Functional assessment of the type II β regulatory subunit of cAMP-dependent PKA
All mouse protocols were approved by the Animal Care and Use Committee of University of Washington (Seattle, WA). Platelet lysates were prepared from PRP and immunoblotted for PRKAR2B. Citrated whole blood from wild-type C57Bl/6 mice and mice null for Prkar2b29 was diluted 25-fold with Tyrode-N-2-hydroxyethylpiperazine-N′-2-ethanesulfonic acid buffer (140mM NaCl, 2.7mM KCl, 12mM NaHCO3, 0.46mM NaH2PO3, 5.5mM glucose, 10mM N-2-hydroxyethylpiperazine-N′-2-ethanesulfonic acid, pH 7.4), incubated with epinephrine (Bio/Data), or PAR4 activation peptide (PAR4AP; NH2-GYPGQV-CONH2; Abgent), or both, at room temperature for 30 minutes in the presence of 10 μg/mL fluorescein isothiocyanate-conjugated rat anti–mouse CD62P antibody (P-selectin antibody; BD Biosciences). The samples were then fixed with 1% paraformaldehyde and analyzed by flow cytometry.
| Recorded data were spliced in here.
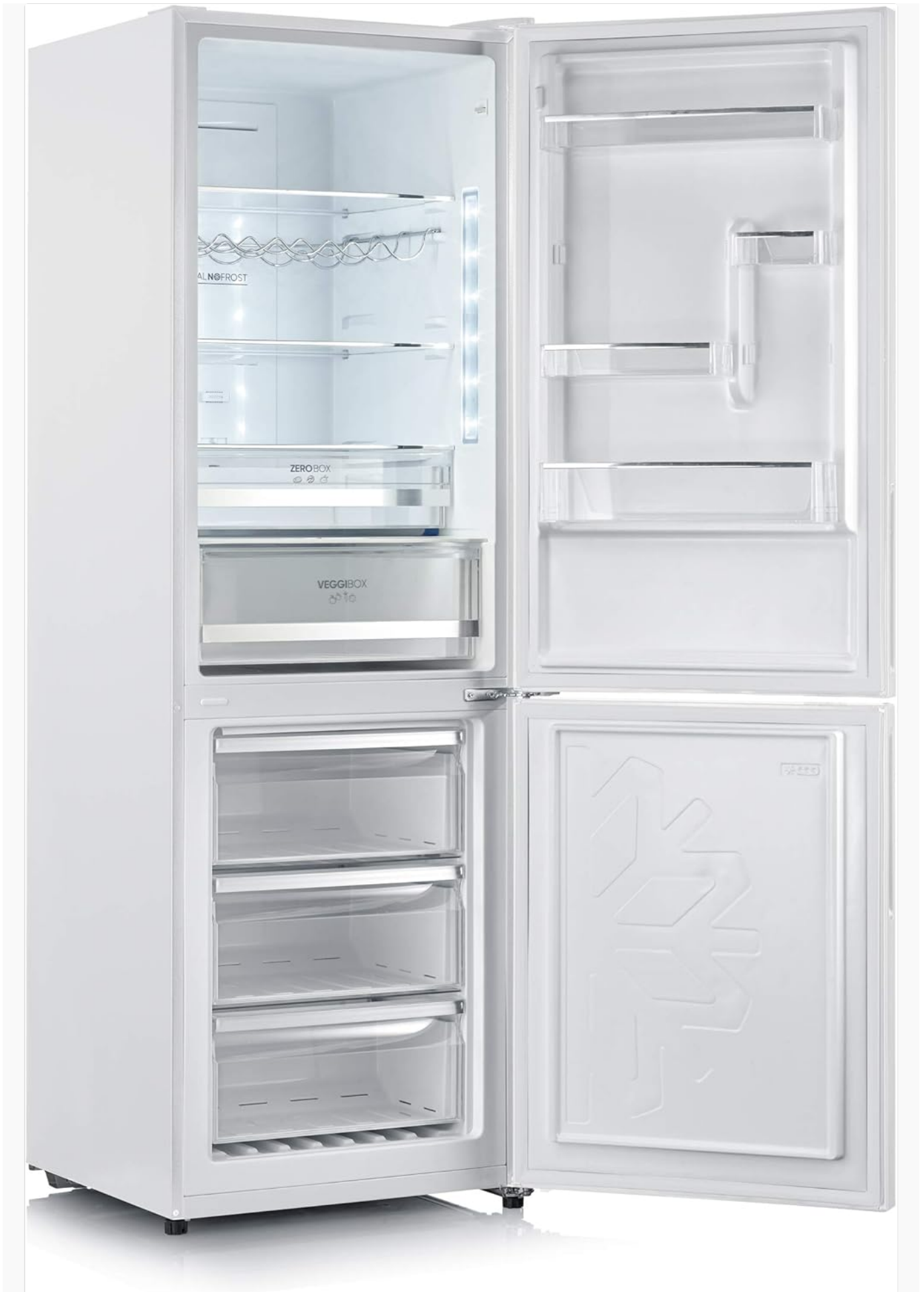
Image: Interior view of the Severin KGK 8941 with both refrigerator and freezer doors open, showcasing shelves, drawers, and door bins.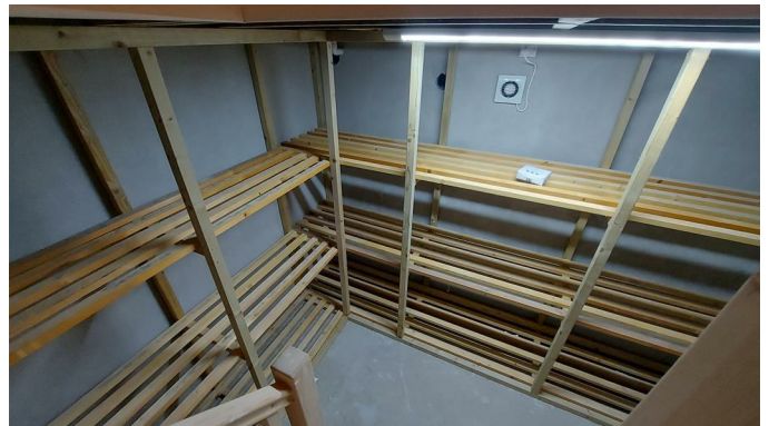
Basement 9'10" x 8'6" (3.0 x 2.6)

Concrete walls and floor, fitted with wooden storage racks.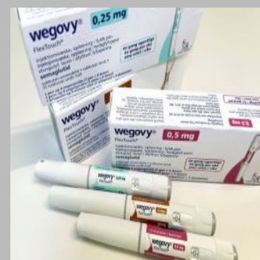
Wegovy Injection 0.5 Mg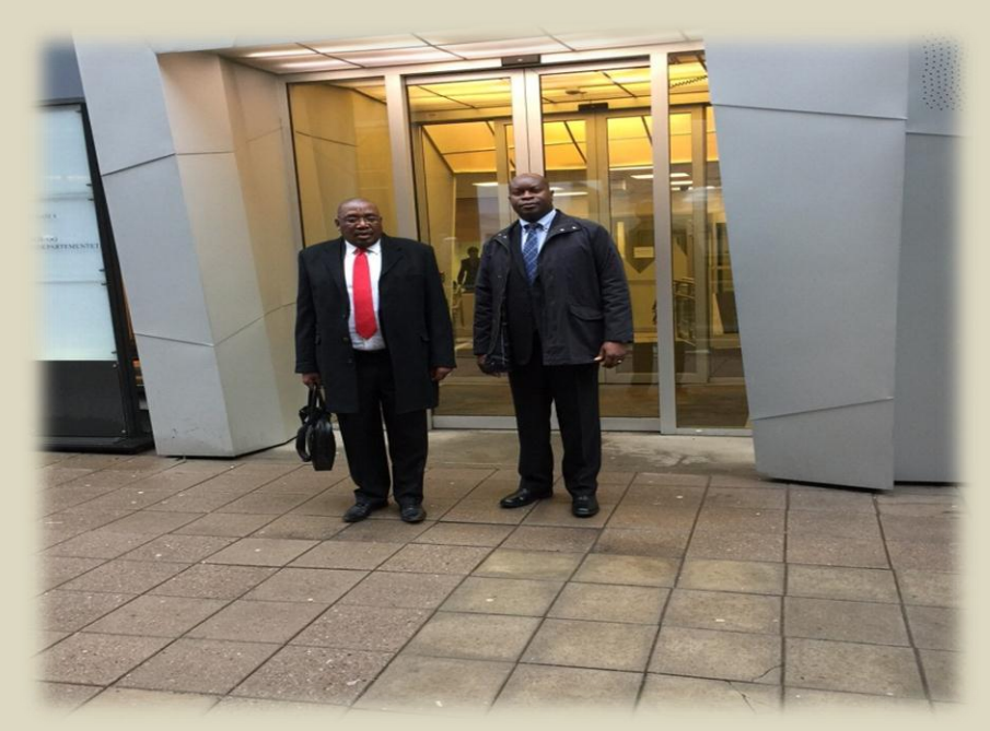
Minister of Trade Hon. V.T Seretse and Amb. Nthekela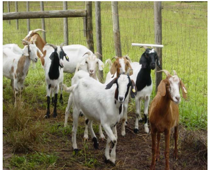
A healthy herd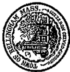
EXHIBIT C Opt-Out Envelope

PRESORTED STANDARD US POSTAGE PAID CITY, XX PERMIT, NO XXXX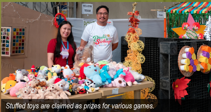
Stuffed toys are claimed as prizes for various games.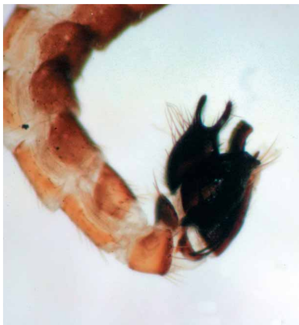
Fig. 1. Male hypopygium of Hemerodromia raptoria (Meigen), left lateral view.

Material examined: Selečki most, Odra River, Turopolje, 97 m a.s.l.: September 5th 2005 (1 ♂); July 30th 2006 (3 ♂, 2 ♀); August 26th 2006 (3 ♀); September 17th 2006 (1 ♂).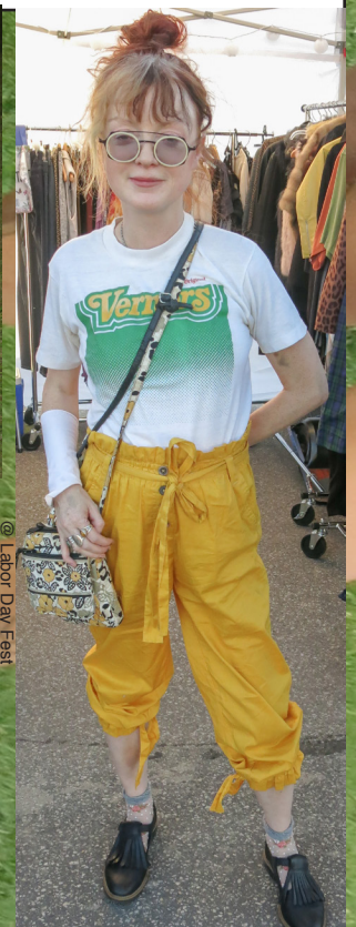
@ Labor Day Fest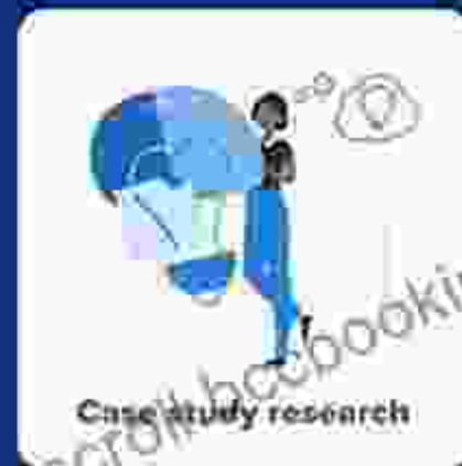
Case study research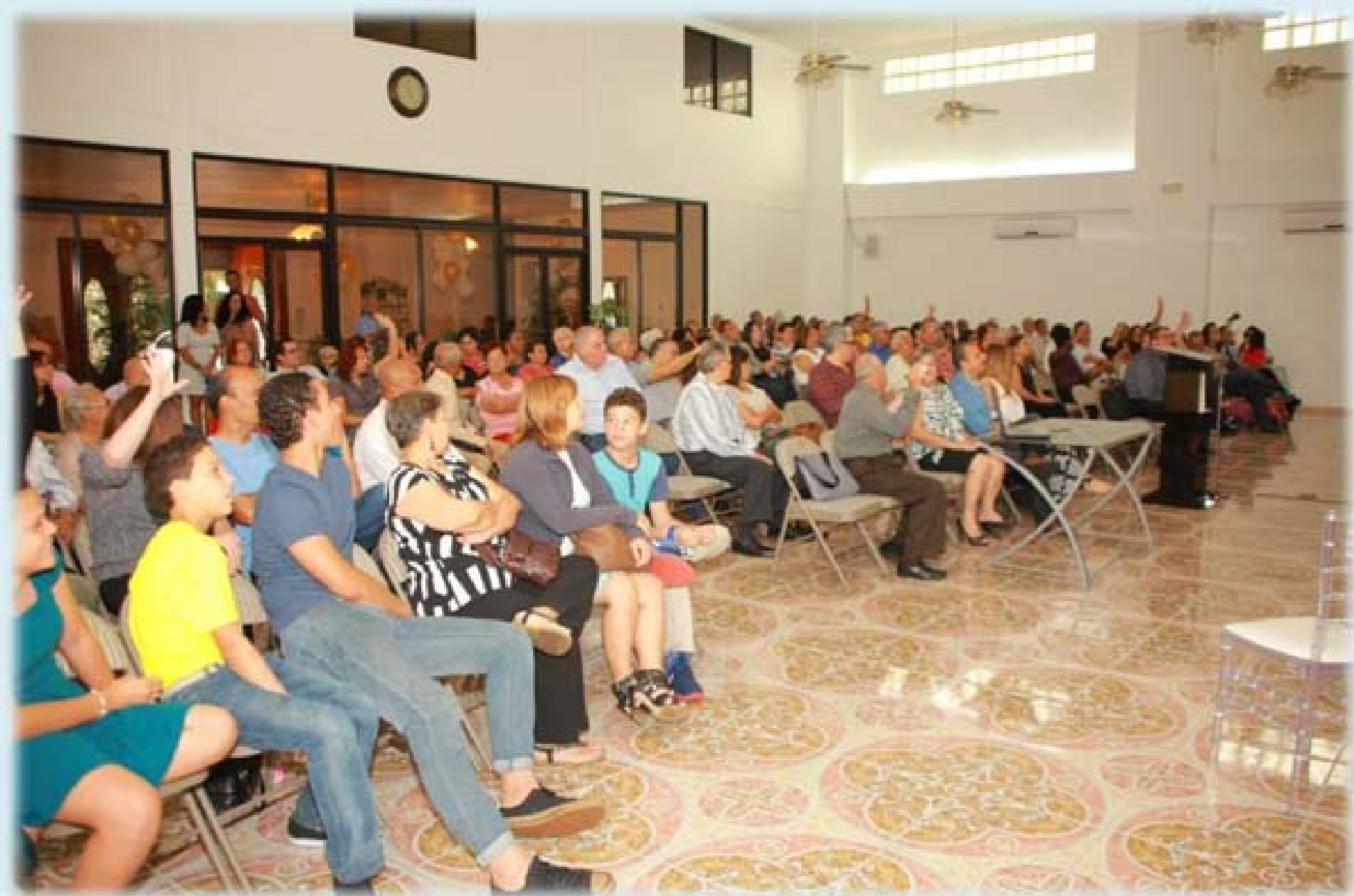
Another view of those present for the event. Entrance to this auditorium is through the spacious lobby behind the tinted glass partition and doors.

Platelet mean fluorescence intensity was quantified by flow cytometry and analyzed by multifactor analysis of variance using explanatory variables for agonist dosage, genotype, and animal effects.
Results
miRNA expression profiling
Platelets were categorized as hyper-reactive (n = 13) or hyporeactive (n = 6) based on the maximal aggregation response to 1.5μM epinephrine (mean 83.1% vs 21%, respectively, P < .001) and 4μM ADP (mean 85.3% vs 55.7%, respectively, P < .001). There was no significant difference between the hyper-reactive and hyporeactive subjects for fibrinogen or von Willebrand factor levels (not shown). Because PRP prepared by standard density centrifugation is contaminated with leukocytes (1 leukocyte per 10 000-100 000 platelets), and because leukocytes contain 10 000 to 100 000 times as much RNA as do platelets,30,31 LDP RNA was used for miRNA expression profiling. We found that 284 miRNAs (of > 900 screened) were expressed in all 19 LDP RNA samples. The 15 highest expressed miRNAs are listed in Table 1. Supple-mental Table 1 (available on the Blood Web site; see the Supple-mental Materials link at the top of the online article) provides all 284 platelet miRNAs by expression level.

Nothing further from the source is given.